The BIG problem was the constant noise of the road sweepers going all round the site from 12.30 am until app 2.30 am and I mean NOISY. 

That was my third visit to Disneyland in Paris. Have also visited the one in Florida, so I think I well and truly deserve a medal now all the grandchildren have been!


----------



## 102819 (Feb 5, 2007)

Thanks for all your responses, there are a few options there.

How about France in general for American Rv's, any problems parking?


----------



## 89338 (May 20, 2005)

Not done micky mouse yet, thought about it , have not told my little one that we are passing it.

France have been last two years for all of august, sites we stayed on up and down were great pitch size, mains etc. On the south coast small pitches smaller mains. Ok they were big sites and right on the beach, once there did not move except to empty tanks. I picked my pitches at time of booking tried for the biggest I could see on the site plan that was on an end of a row.

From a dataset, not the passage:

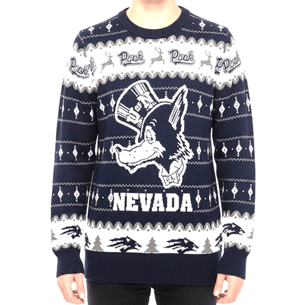 Deck the halls and represent the Wolf Pack with the Men's Vintage Christmas Sweater! This is the 2025 version of our "Ugly" Christmas Sweater and is an exclusive collaboration with Tipsy Elves! Made of 100% knit acrylic fabric, this sweater features a classic holiday design showcasing reindeer and Script Pack logos towards the top, Christmas trees and Sport Wolf logos towards the bottom, and a vintage 1970's vault Wolf Pack logo with a "Nevada" wordmark.

Lucky both times, going Italy this time again through france . Have used Chateau de L'Eperviere as a mid way point and will again this time.

Stayed at a few other Les Castels sites two years ago and they were all nice with good pitches.

Regards

Lampie


----------



## talbot28 (Jan 24, 2006)

We had two nights at disney on the way to spain last year ,there is plenty of room for any size rv/mh, They charge by the day not by per night,It was 20e a day last year, the showers and toilets are ok,its just the cleaners in the early hours that wake you.


----------



## Scotjimland (May 23, 2005)

paburty said:


> Also can you just say how accomodating the rest of France and Spain is for american RV's.

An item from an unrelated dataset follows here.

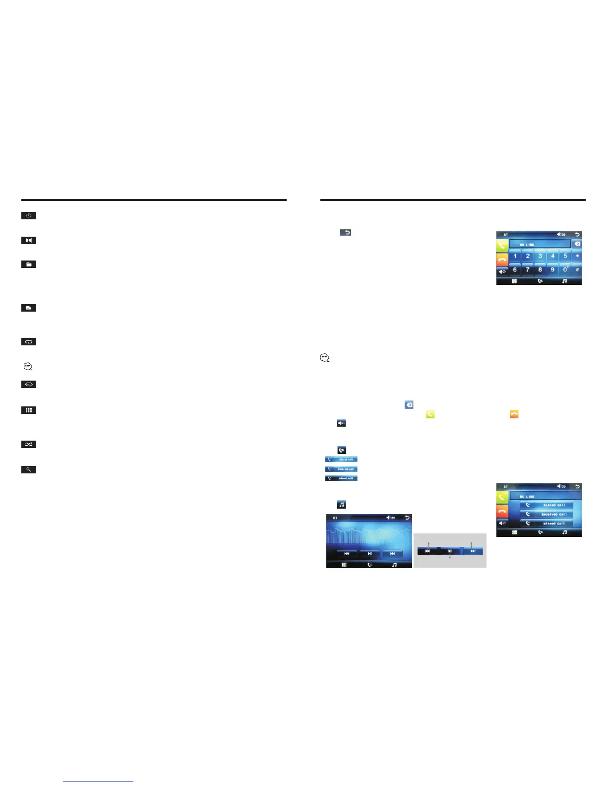 Touch [B-T] icon in the main interface to enter the BT interface.

France is generally very good, motorhome friendly and most aires have ample room for RVs. 
Germany ditto
Spain is a totally different kettle of fish, pitches on many sites are small, nae, minuscule, sites with large pitches can be noisy during the season and expensive unless you stay long term i.e. more than one month. There are very few aires in Spain, (I've never found one) truck stops are ok for stop overs if you don't mind the noise. 
We don't wild camp so I can't comment. 
This is only my personal experience, others may well have a different viewpoint.


----------